Setup LASCAPATH environment variable. Add this to your .bash_profile

export LASCAPATH="${lasca-compiler-src-dir}/libs/base"

Add your ~/.local/bin directory to your PATH

export PATH=$PATH:~/.local/bin

Build and install lasca compiler

make install

Add bash completion config for lasca compiler options:

lasca --bash-completion-script lasca > $(brew --prefix)/etc/bash_completion.d/lasca

Run hello.lasca

lasca --exec examples/hello.lasca

Build on Ubuntu

Requirements: Haskell Stack > 1.6, Cabal > 2.0, LLVM 6, CMake

Don't install Haskell Stack from apt.
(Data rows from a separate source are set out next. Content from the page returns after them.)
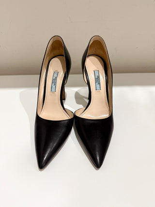 Prada Leather Pointed Toe Stilettos Heel D'Orsay Pumps Black Women's EU 36.5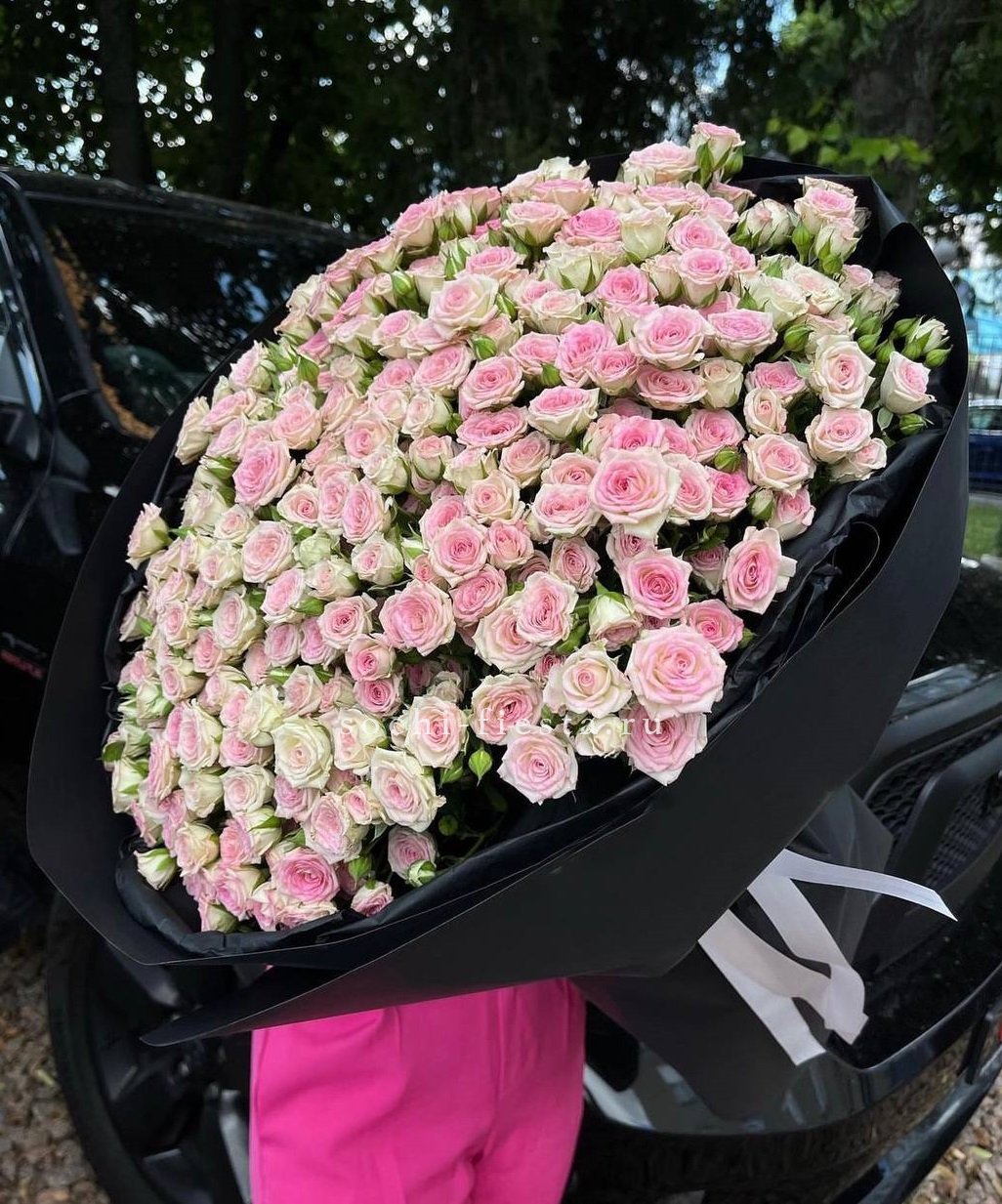Сто один стебель сорта Twister образует монументальную композицию с яркими малиново-белыми переходами. Кустовые розы формируют густую фактуру и впечатляющее присутствие.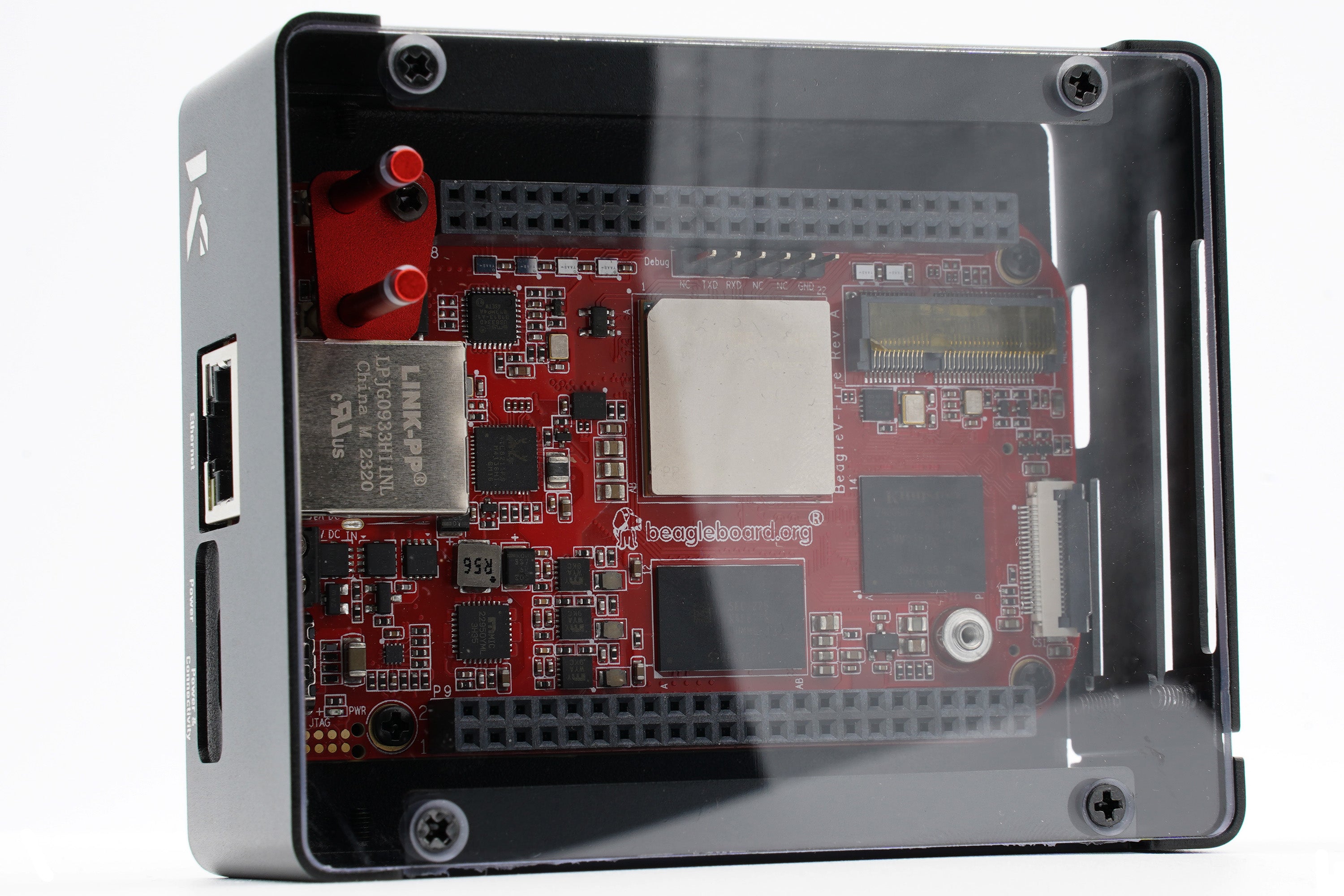 Optimize your BeagleV Fire experience with the KKSB BeagleV Fire Case. This metal case features a transparent, crack-resistant polycarbonate cover for optimal visibility and wireless signal transmission.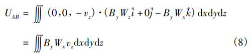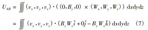 式中V為管道法蘭式電磁流量計(jì)傳感器測(cè)量空間;W→為權(quán)函數(shù)。在直角坐標(biāo)系(x,y,z)中,式(5)可以轉(zhuǎn)換為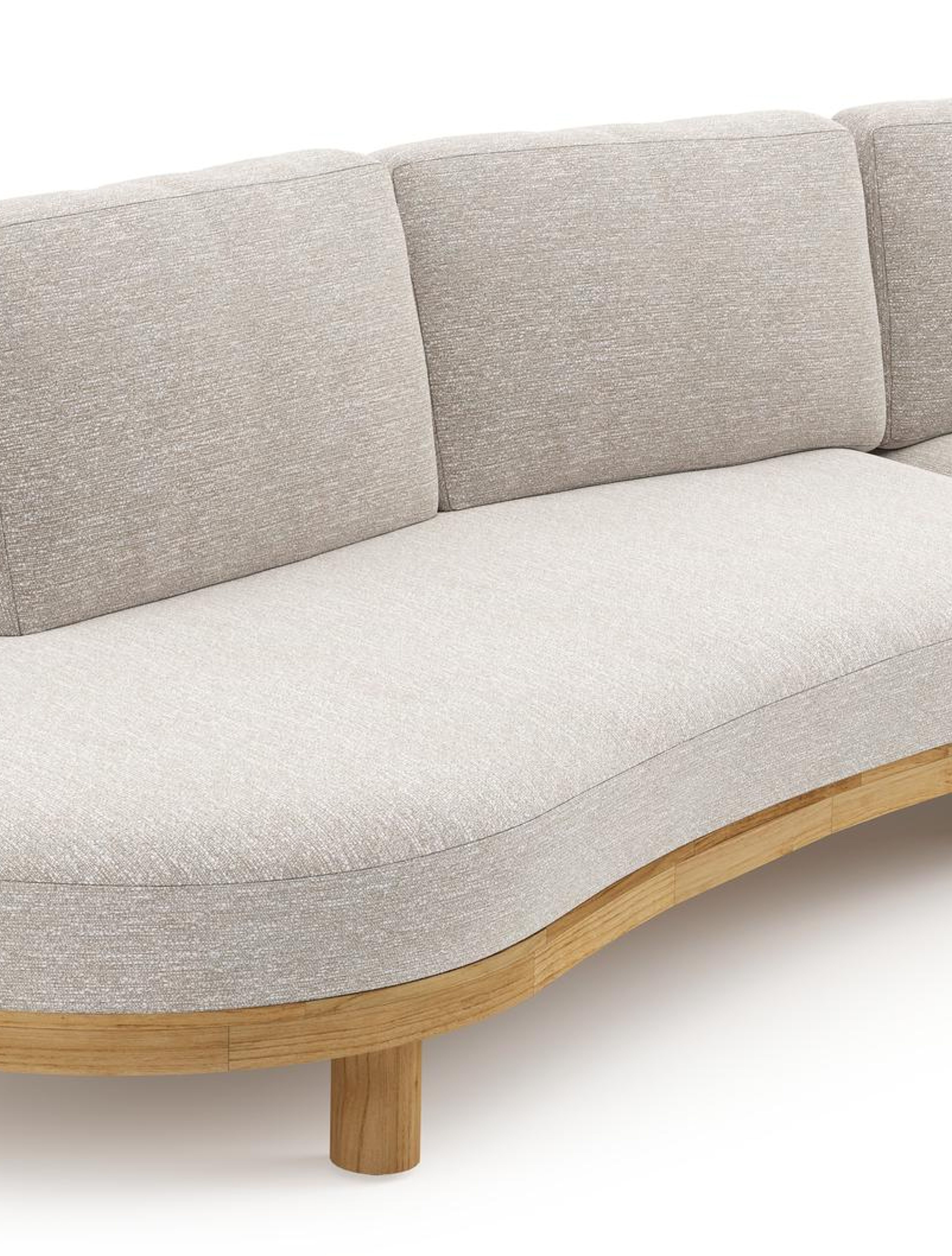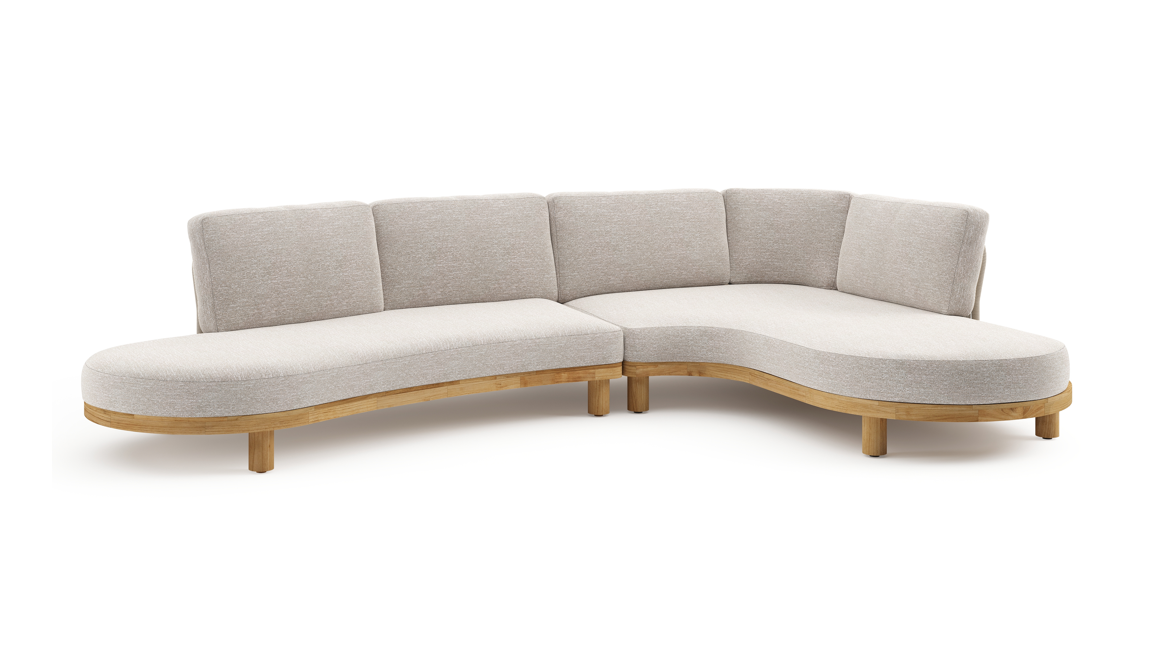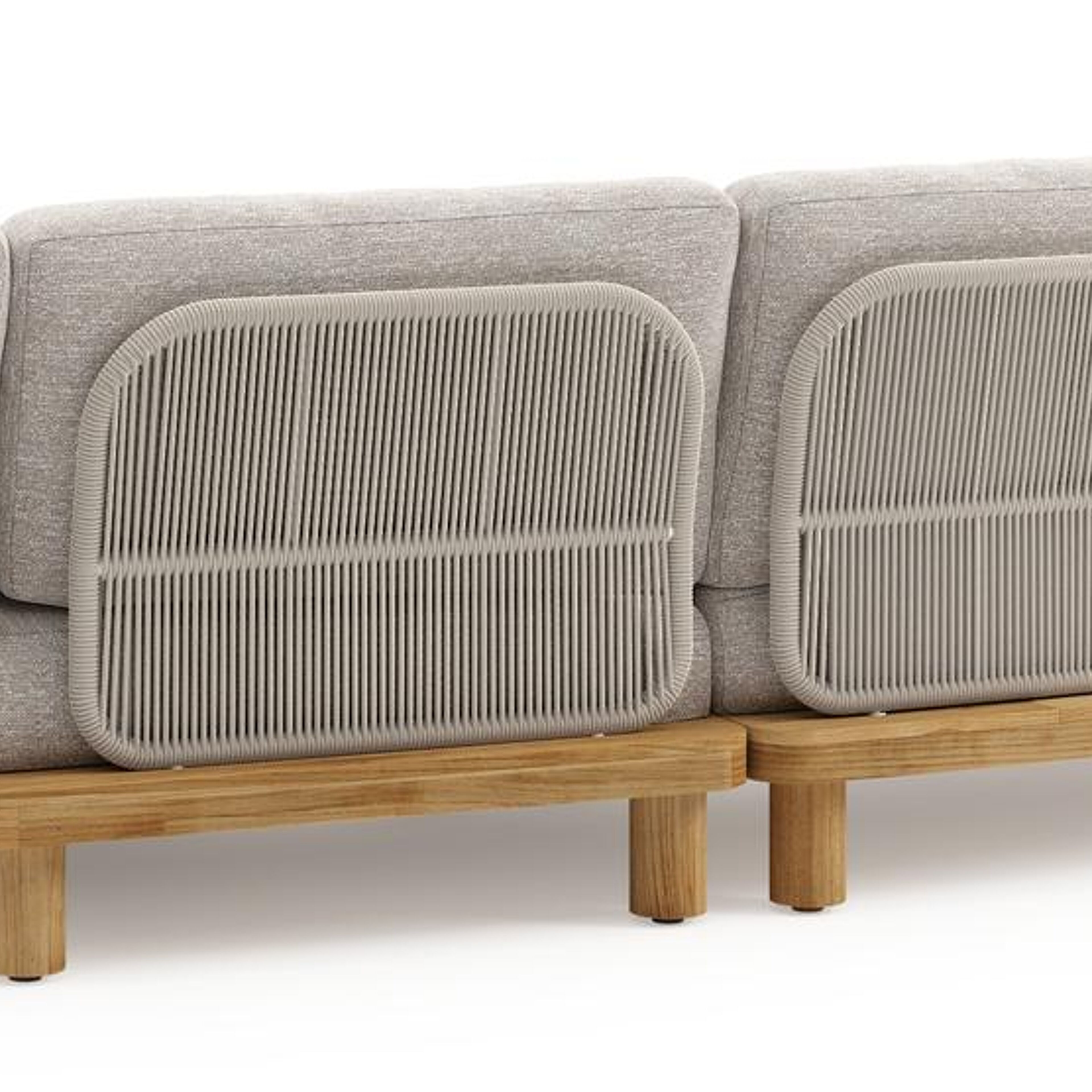 Donato loungehoek in teak en beige verticaal geweven ronde rope met all weather sunbrella® luxe Tundra Sand kussen | Exterioo tuinmeubelen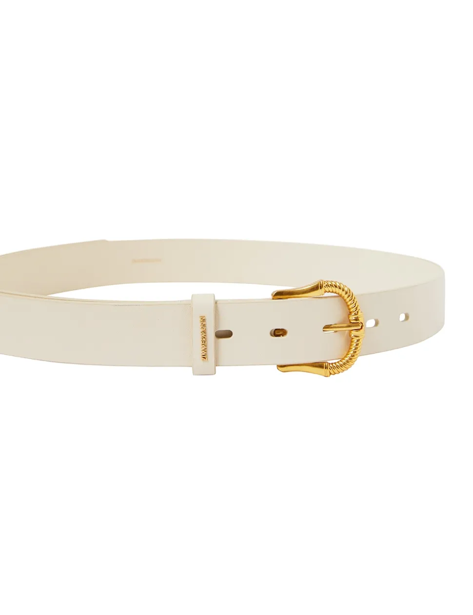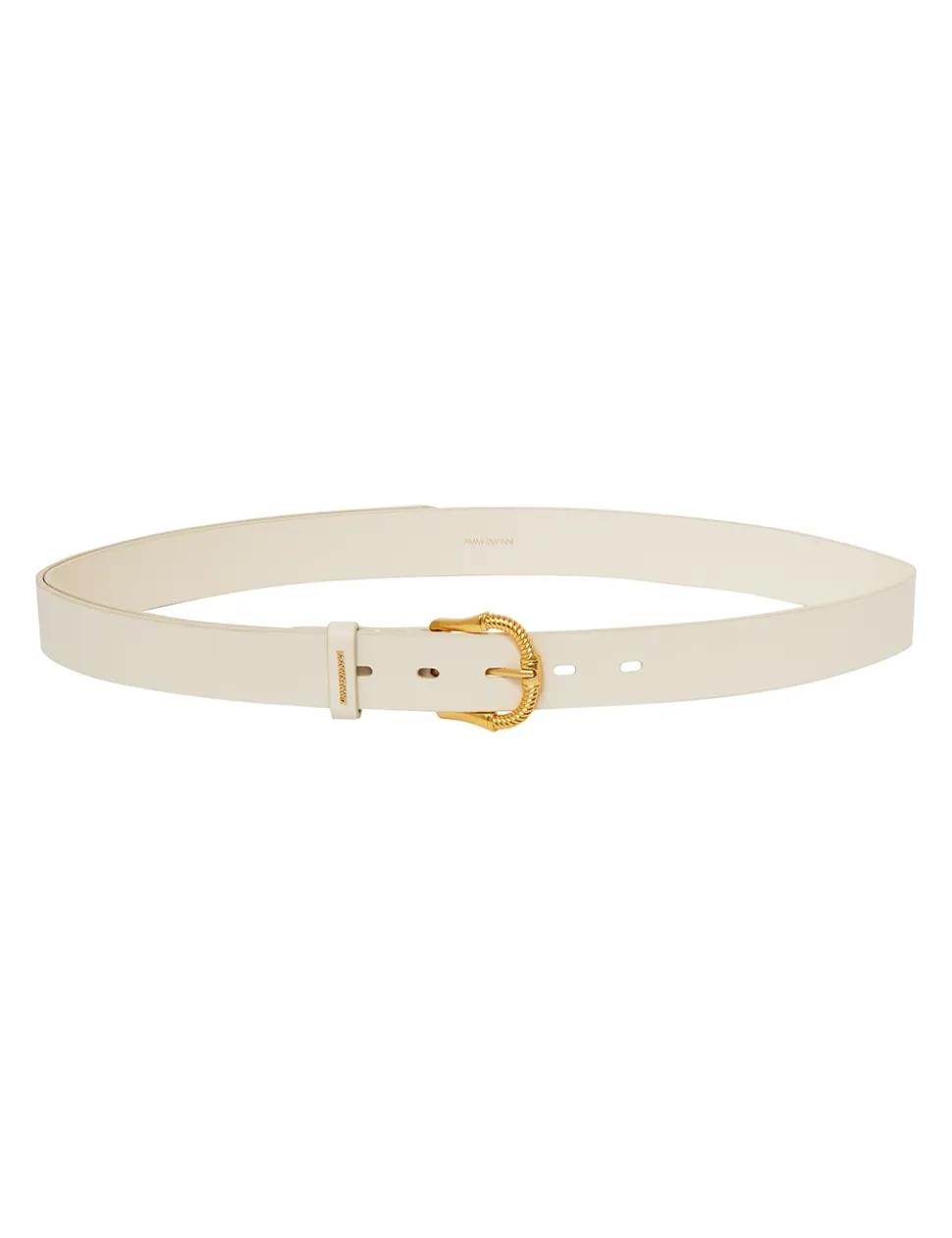 The Twisted Buckle Leather Belt 30 In Macadamia From Our Resort 2024 Collection, Matchmaker. A Leather Belt Featuring A Twisted Gold Buckle And Custom Branding.- Waist Belt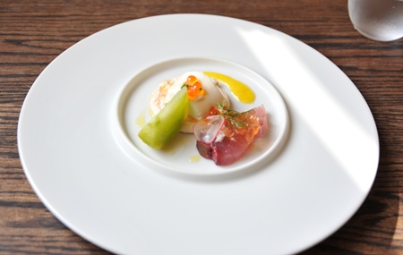 鮭のムースの上に根セロリのブラマンジェ

It's likely to be older than 1.6 and won't be able to upgrade

Do this instead:

curl -sSL https://get.haskellstack.org/ | sh

sudo apt install llvm-6.0-dev libgc-dev zlib1g-dev cmake
sudo add-apt-repository universe
sudo apt install libpcre2-dev
export LASCAPATH="${lasca-compiler-src-dir}/libs/base"
export PATH=$PATH:~/.local/bin
stack setup
make install
lasca -e examples/hello.lasca

Current n-body run

There are several implementation of n-body problem Currently it's quite slow due to boxing.

$ time lasca -e -O2 examples/nbody.lasca -- 50000000
-0.169075164
-0.169059907

real      7m13.261s
user      7m39.476s
sys       0m38.716s

find src -name "*.hs"  | xargs cat | wc -l
4738

cat rts/runtime.c rts/builtin.c rts/lasca.h | wc -l
1324